The trailer of Ashva (A White Horse’s Neigh) — a film by Aneek Chaudhuri — was officially unveiled at the India Pavilion of Cannes Film Festival. Now, the trailer returns to Calcutta — a city that has shaped the philosophical undertones of the film. On July 30, the director will be present at Alliance Française du Bengale for a Q&A session following the screening, offering a glimpse into the spiritual and linguistic intricacies of this unique cinematic creation.
A Natural Home
“The Alliance Française du Bengale, with its longstanding commitment to cultural exchange and language education, is a fitting venue for a film that embodies the fusion of French linguistic poetics and Indian spiritual lexicon. More than just a venue, the Alliance becomes an interlocutor — a space that allows Sanskrit and French to converse across architecture, audience, and artistic intent. In launching the trailer in this historic French institution, the event becomes a symbol of cross-cultural solidarity. It is a reminder that cinema is not just an artistic form — it is a conversation between tongues, gestures, and silences,” said Aneek.
A White Horse Between Worlds
While the film’s French title pays homage to the traditions of French art-house cinema, the Sanskrit elements firmly ground it in India’s timeless heritage. “This is not simply a bilingual film — it is polyphonic in spirit, using language not for translation, but for layering meaning. Where Sanskrit chants evoke the transcendental and the ritualistic, French is used to unpack the interiority of the characters — their doubt, decay, and desire. The film’s soundscape — crafted as much through silence as through dialogue — becomes a harmonic field where the echoes of a Vedic hymn can merge with a whisper from Camus,” said Aneek.
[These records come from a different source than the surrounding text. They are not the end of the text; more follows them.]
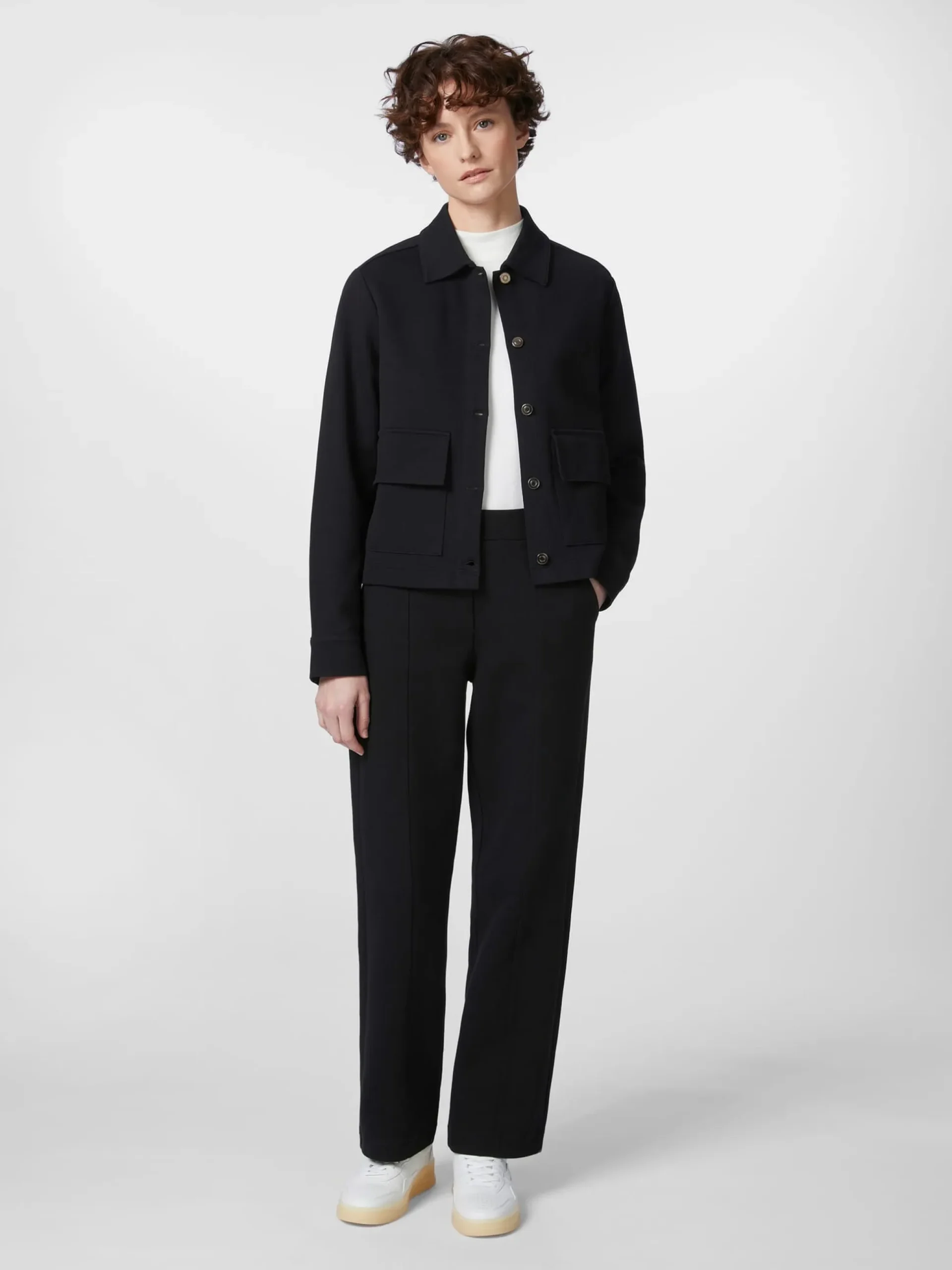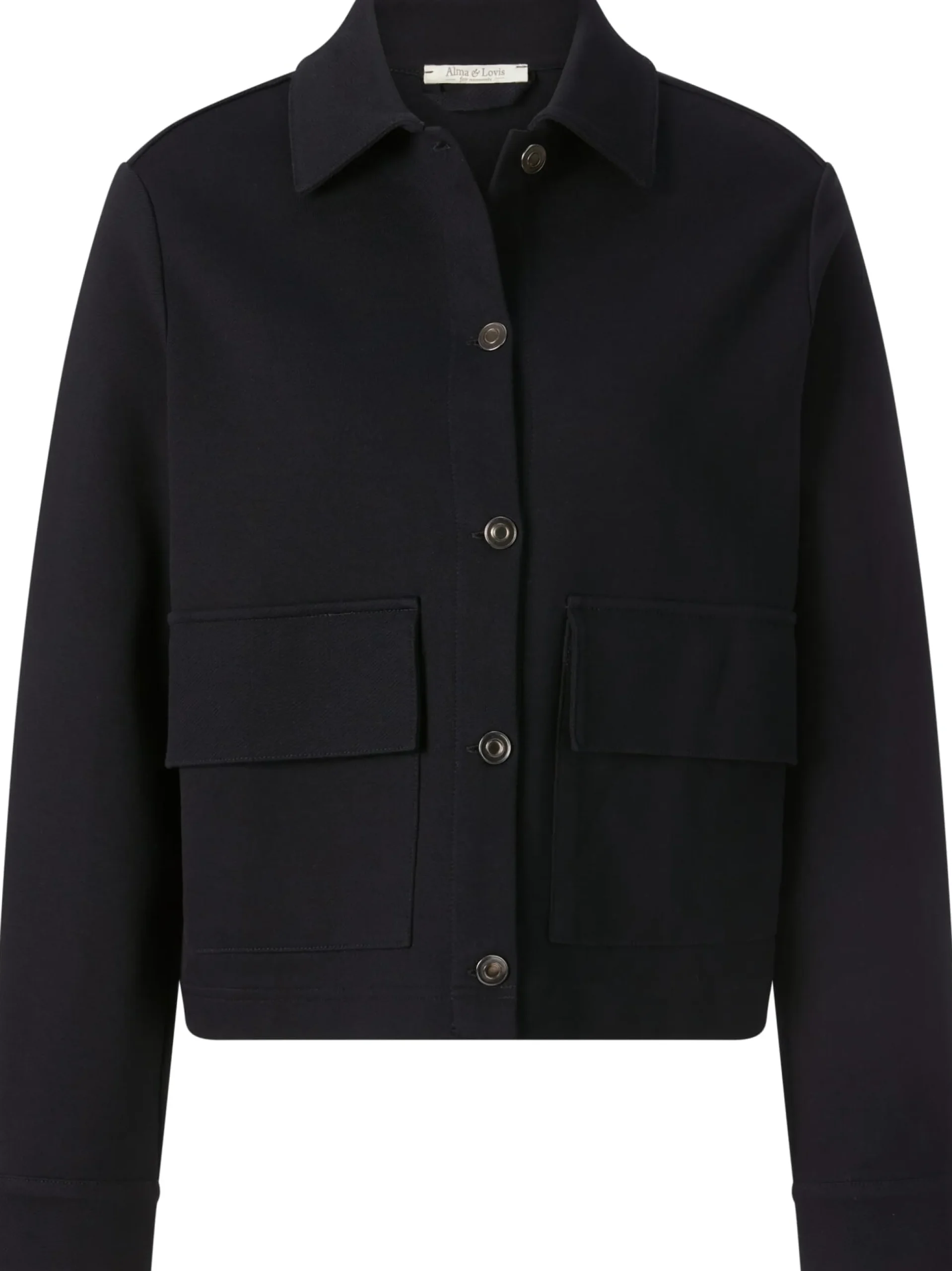 Diese sportlich geschnittene Jacke ist aus Heavy Jersey gefertigt – einem besonders schweren Interlock-Jersey, der fester, griffiger und feinmaschiger und damit strapazierbarer als normaler Jersey ist. Zudem weist er eine hohe Formbeständigkeit auf. Der Stoff wird aus unterschiedlichen Materialien gewirkt. Alma & Lovis verwendet hier hautsympathische, kontrolliert biologisch angebaute Baumwolle und einen geringen Anteil Elastan zugunsten von Elastizität und Tragekomfort. Ausgestattet ist die ungefütterte Jacke mit Hemdkragen und zwei aufgesetzten Pattentaschen. Zwei gelegte Falten unter der Schulterpasse sorgen für einen guten Sitz und noch mehr Bewegungsfreiheit.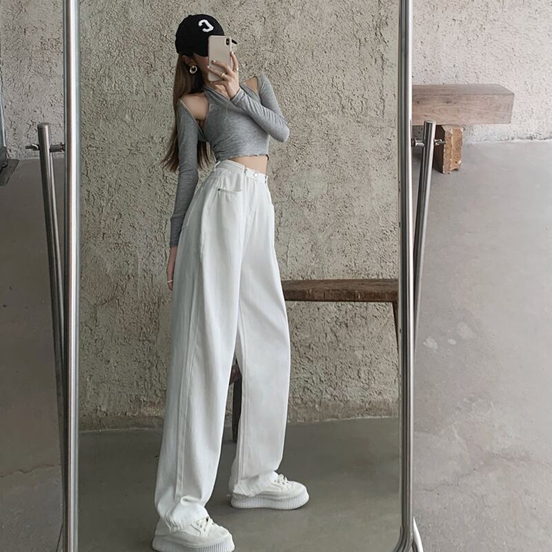 ハイウェストウェストジーンズ スプリングオータムルーズパンツ 薄手 春物 秋物 セブンプリンセス16518099269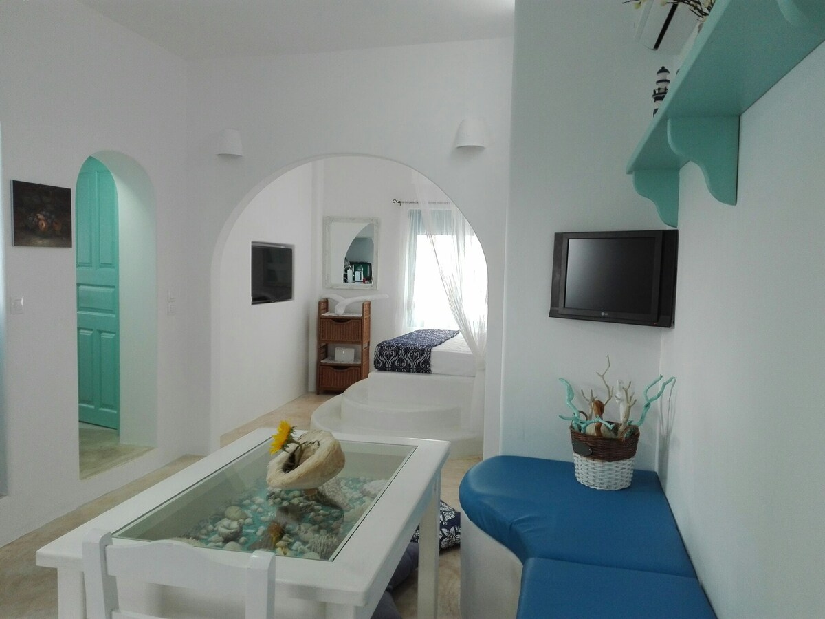 Just steps from the sea, you can swim anytime in crystal-clear waters. Enjoy beautiful sunrise and harbor views, all from a central location just minutes from cafés, restaurants, and the harbor. The studio is bright, minimal, and thoughtfully designed, ideal for couples or solo travelers seeking a calm and authentic island stay.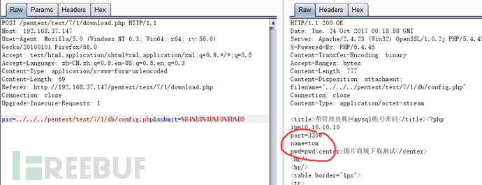 的確和上一關(guān)有點像 也是要找回mysql賬號密碼 還是先把下載的包抓下來看看 上一關(guān)的下載用的是get 本關(guān)用的post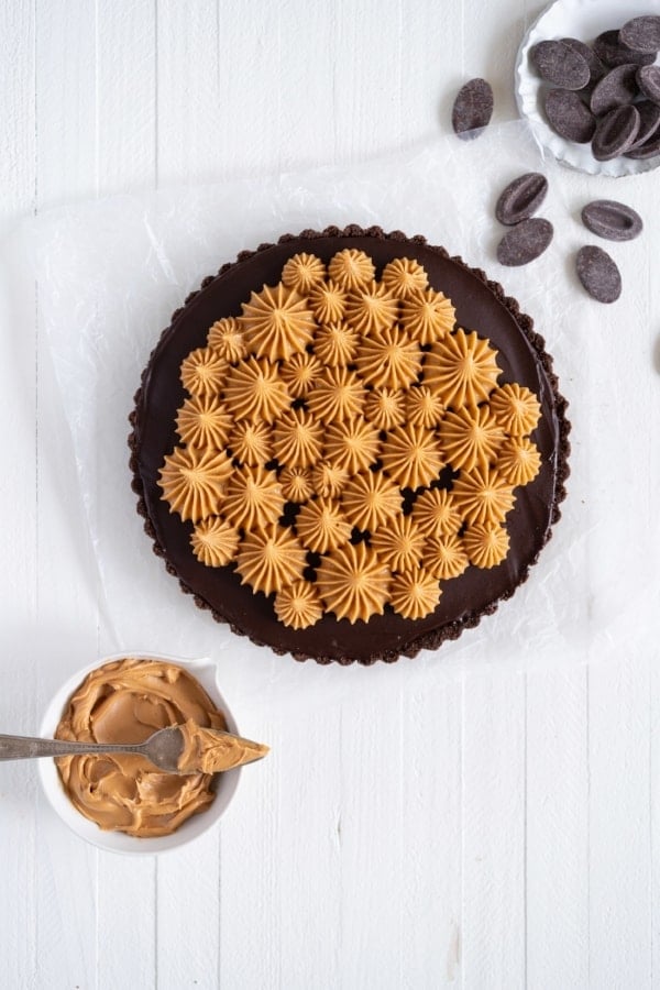 Dark Chocolate Peanut Butter Tart with Peanut Butter Whipped Cream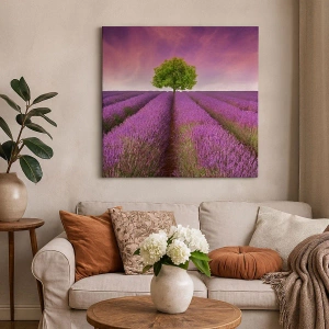- Het schilderij toont een pittoresk lavendelveld met een eenzame boom tegen een paarse lucht. De warme kleuren en het vredige landschap brengen harmonie in door de natuur geïnspireerde interieurs.

Produced through an Indo-Austrian collaboration, the film is a cross-cultural creation, with artistic and philosophical threads drawn from India’s spiritual thought and Europe’s existential traditions. “Austria contributes a minimalist aesthetic and an atmospheric precision to the film, while India brings a palette of metaphors, ritual structures, and linguistic nuance. Together, the cultures find unity in the horse — a mythical, symbolic being that exists in both Vedic lore and Western prophecy. The neigh becomes not just a sound, but a symbol: of restlessness, rupture, rebirth,” said Aneek.
From Cannes to Calcutta
The trailer’s earlier launch at the India Pavilion at Cannes was met with critical interest for its audacity of language, visual solemnity, and philosophical inquiry. “Cannes, a space often populated with world cinema in familiar formats, witnessed a trailer that chose Sanskrit as much as it did French, without compromise or explanation. Now, returning to Calcutta, the film finds its emotional and linguistic homecoming. The city, with its own hybrid identity, yet deeply Indian at its soul, is the ideal host for such a film,” said Aneek.
For audiences, this offers a rare opportunity to understand the decisions behind the language usage, the sound design rooted in ancient chanting, and how silence itself becomes a language in the film. Aneek Chaudhuri’s previous works have addressed themes like identity, loss, and death, but this film is arguably his most experimental yet — a metaphysical chamber piece where words, when spoken, echo like hymns in a vast cosmic theatre.
“In a cinematic landscape increasingly shaped by market trends and subtitles, a film that is anchored in Sanskrit and French is both an act of courage and a declaration of trust in the intelligence of its audience. It is a reminder that cinema is, at its core, a sensorial, philosophical, and sonic experience, and that some stories demand to be told in ancient tongues to awaken timeless truths,” said Aneek.
The film is not here to entertain in a conventional sense. It is here to unsettle, to provoke reflection, and to offer a spiritual riddle wrapped in ritual, silence, and surreal beauty.